China’s state-owned news agency appears to be stepping up rhetoric on over-the-counter (OTC) crypto trading and overseas initial coin offerings (ICOs), calling the blockchain use cases attempts to bypass domestic regulation.
In a news report published Feb. 12, the Xinhua News Agency detailed how purchasing cryptocurrency assets through OTC channels is easily available by having reporters register on exchanges such as Huobi Pro and buy bitcoin using accessible payment tools like AliPay.
As reported previously, following the ban on ICO and closure of order-book trading platforms last year, the country’s domestic exchange platforms have shifted to OTC trading and largely moved their businesses overseas.

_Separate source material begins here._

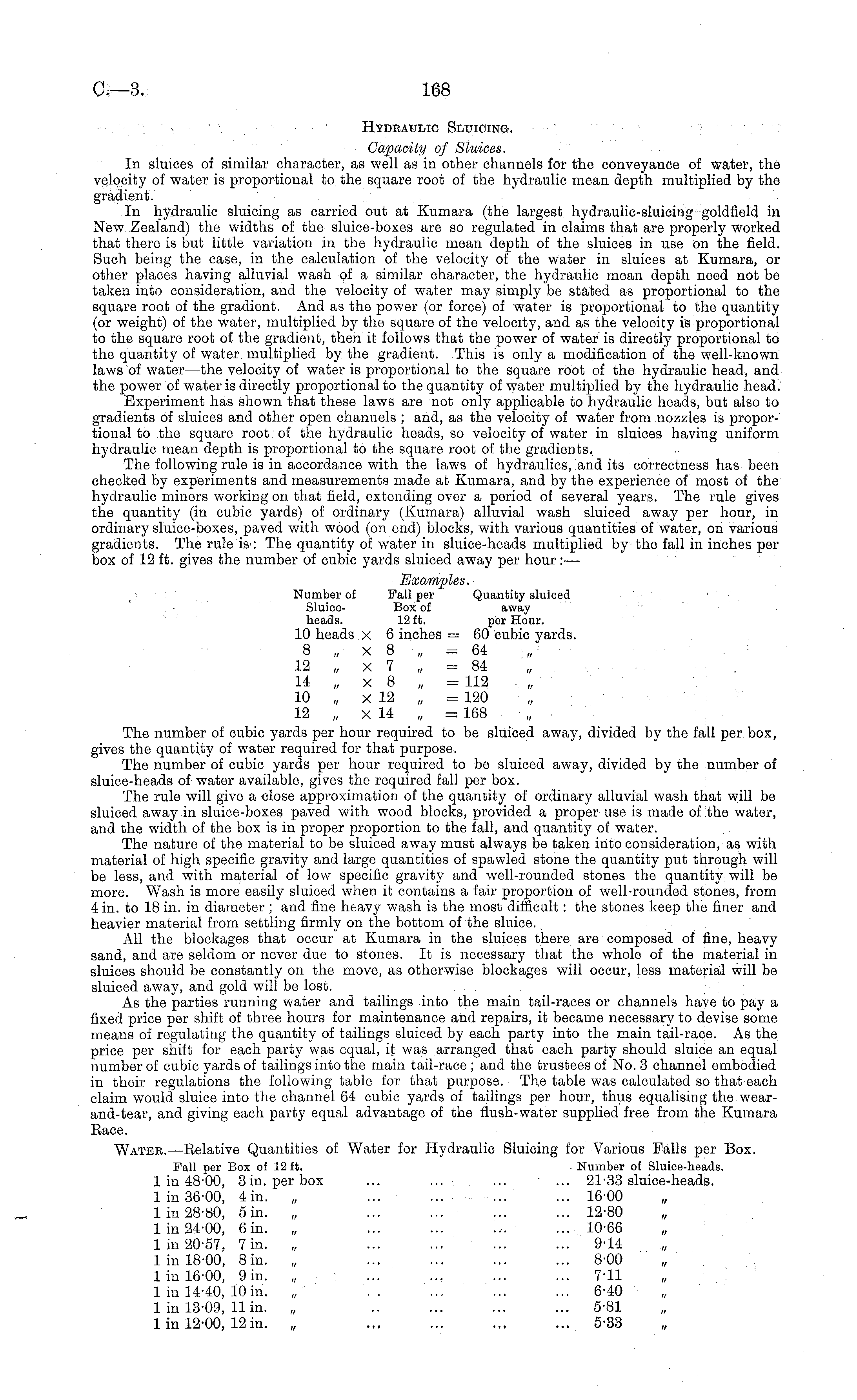 Hydraulic Sluicing. Capacity of Sluices. In sluices of similar character, as well as in other channels for the conveyance of water, the velocity of water is proportional to the square root of the hydraulic mean depth multiplied by the gradient. In hydraulic sluicing as carried out at Kumara (the largest hydraulic-sluicing goldfield in New Zealand) the widths of the sluice-boxes are so regulated in claims that are properly Worked that there is hut little variation in the hydraulic mean depth of the sluices in use on the field. Such being the case, in the calculation of the velocity of the water in sluices at Kumara, or other places having alluvial wash of a similar character, the hydraulic mean depth need not be taken into consideration, and the velocity of water may simply be stated as proportional to the square root of the gradient. And as the power (or force) of water is proportional to the quantity (or weight) of the water, multiplied by the square of the velocity, and as the velocity is proportional to the square root of the gradient, then it follows that the power of water is directly proportional to the quantity of water, multiplied by the gradient. This is only a modification of the well-known laws of water —the velocity of water is proportional to the square root of the hydraulic head, and the power of water is directly proportional to the quantity of water multiplied by the hydraulic head. Experiment has shown that these laws are not only applicable to hydraulic heads, but also to gradients of sluices and other open channels ; and, as the velocity of water from nozzles is proportional to the square root of the hydraulic heads, so velocity of water in sluices having uniform hydraulic mean depth is proportional to the square root of the gradients. The following rule is in accordance with the laws of hydraulics, and its correctness has been checked by experiments and measurements made at Kumara, and by the experience of most of the hydraulic miners working on that field, extending over a period of several years. The rule gives the quantity (in cubic yards) of ordinary (Kumara) alluvial wash sluiced away per hour, in ordinary sluice-boxes, paved with wood (on end) blocks, with various quantities of water, on various gradients. The rule is: The quantity of water in sluice-heads multiplied by the fall in inches per box of 12 ft. gives the number of cubic yards sluiced away per hour: — Examples. _ > Number of Fall per Quantity sluiced Sluice- Box of away heads. 12 ft. per Hour. 10 heads x 6 inches = 60 cubic yards. 8 „ x 8 „ = 64 12 „ X 7 „ = 84 14 „ x 8 „ = 112 10 „ xl 2 „ = 120 12 „ xl 4 „ = 168 The number of cubic yards per hour required to be sluiced away, divided by the fall per box, gives the quantity of water required for that purpose. The number of cubic yards per hour required to be sluiced away, divided by the number of sluice-heads of water available, gives the required fall per box. The rule will give a close approximation of the quantity of ordinary alluvial wash that will be sluiced away in sluice-boxes paved with wood blocks, provided a proper use is made of the water, and the width of the box is in proper proportion to the fall, and quantity of water. The nature of the material to be sluiced away must always be taken into consideration, as with material of high specific gravity and large quantities of spawled stone the quantity put through will be less, and with material of low specific gravity and well-rounded stones the quantity will be more. Wash is more easily sluiced when it contains a fair proportion of well-rounded stones, from 4 in. to 18 in. in diameter ; and fine heavy wash is the most difficult: the stones keep the finer and heavier material from settling firmly on the bottom of the sluice. All the blockages that occur at Kumara in the sluices there are composed of fine, heavy sand, and are seldom or never due to stones. It is necessary that the whole of the material in sluices should be constantly on the move, as otherwise blockages will occur, less material will be sluiced away, and gold will be lost. As the parties running water and tailings into the main tail-races or channels have to pay a fixed price per shift of three hours for maintenance and repairs, it became necessary to devise some means of regulating the quantity of tailings sluiced by each party into the main tail-race. As the price per shift for each party was equal, it was arranged that each party should sluice an equal number of cubic yards of tailings into the main tail-race ; and the trustees of No. 3 channel embodied in their regulations the following table for that purpose. The table was calculated so that each claim would sluice into the channel 64 cubic yards of tailings per hour, thus equalising the wear-and-tear, and giving each party equal advantage of the flush-water supplied free from the Kumara Race. Water. —Relative Quantities of Water for Hydraulic Sluicing for Various Palls per Box. Fall per Box of 12 ft. ■ Number of Sluice-heads. lin 48-00, 3in. per box ... ... ... ... 21-33 sluice-heads. lin 36-00, 4 in. „ ... ... ... ... 16-00 lin 28-80, 5 in. „ ... ... ... ... 12-80 lin 24-00, 6 in. „ ... ... ... ... 10-66 lin 20-57, 7 in. „ ... ... ... ... 9-14 lin 18-00, 8 in. „ ... ... ... ... 8-00 lin 16-00, 9 in. „ ... ... ... ... 7'll lin 14-40, 10 in. „ . . ... ... ... 6-40 lin 13-09, 11 in. „ .. ... ... ... 5-81 lin 12-00, 12 in. „ 5-33

Yet, the new report by Xinhua, a ministry-level institution under the Chinese central government, notably arrives at a time when Chinese authorities are continuing to signal a desire to tighten rules to curb existing trading activities in the country.

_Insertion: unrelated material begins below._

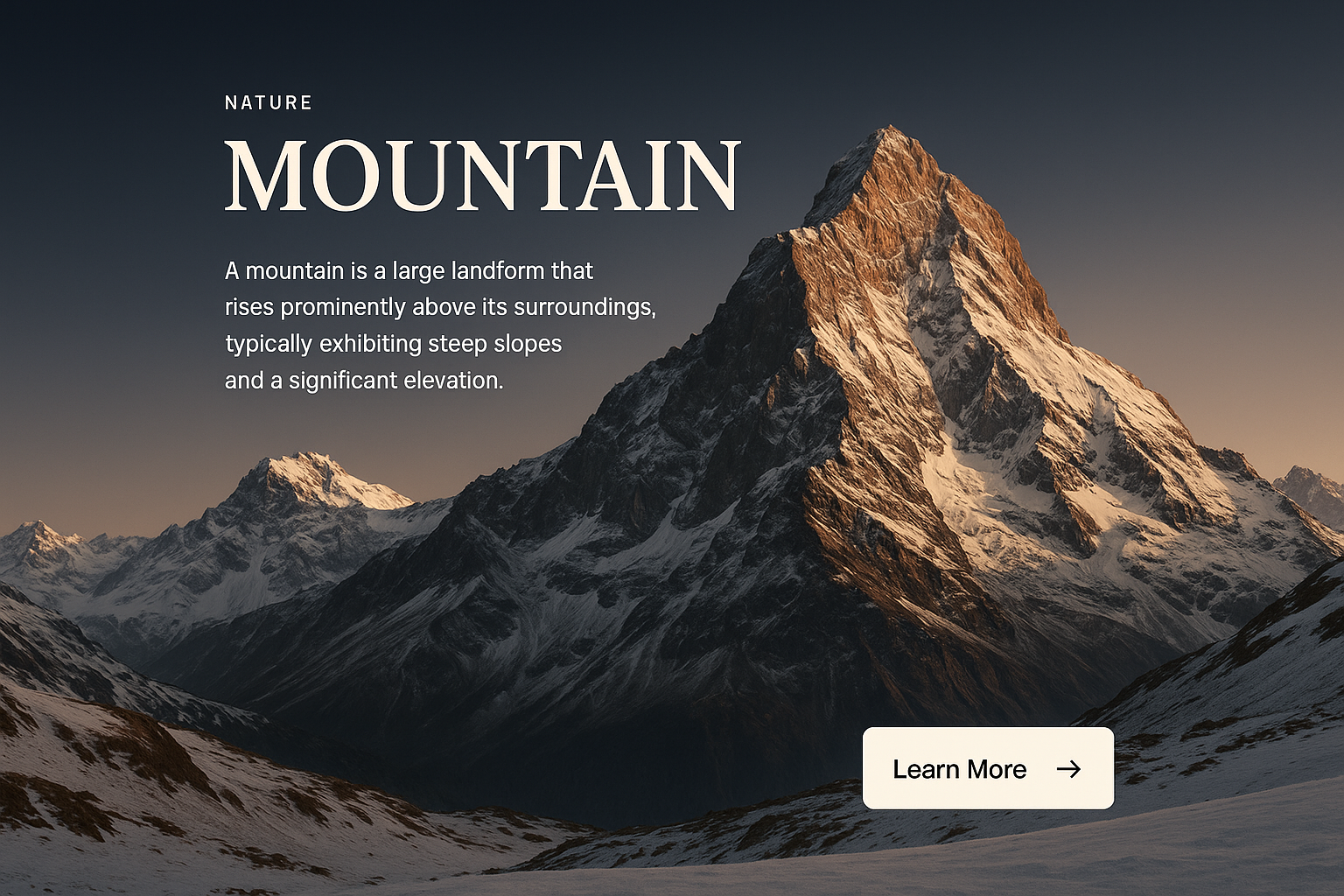 A captivating mountain scene featuring a grand peak with steep slopes and a snow-covered foreground. The serene gradient background enhances the visual appeal, complemented by elegant text overlay.

Citing a report published by a Chinese internet finance security commission, the news agency stressed that as of November last year, more than 20 OTC exchanges have remained active through overseas domains such as Hong Kong, Japan and the U.S.

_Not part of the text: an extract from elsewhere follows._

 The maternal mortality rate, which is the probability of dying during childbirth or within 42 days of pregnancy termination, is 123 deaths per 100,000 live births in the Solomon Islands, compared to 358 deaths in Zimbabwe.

In addition, the report also pointed out crypto-to-crypto trading platforms that are based outside mainland China but available for Chinese investors, alleging that all these actions should be considered attempts to bypass the existing regulations.
Furthermore, it highlighted how some ICOs have shifted their registration overseas.
“Currently, some ICO projects moved overseas to continue its operation. Although they are officially established and issuing tokens overseas, their project development, key personnels and investors are all based inside mainland China,” the report reads.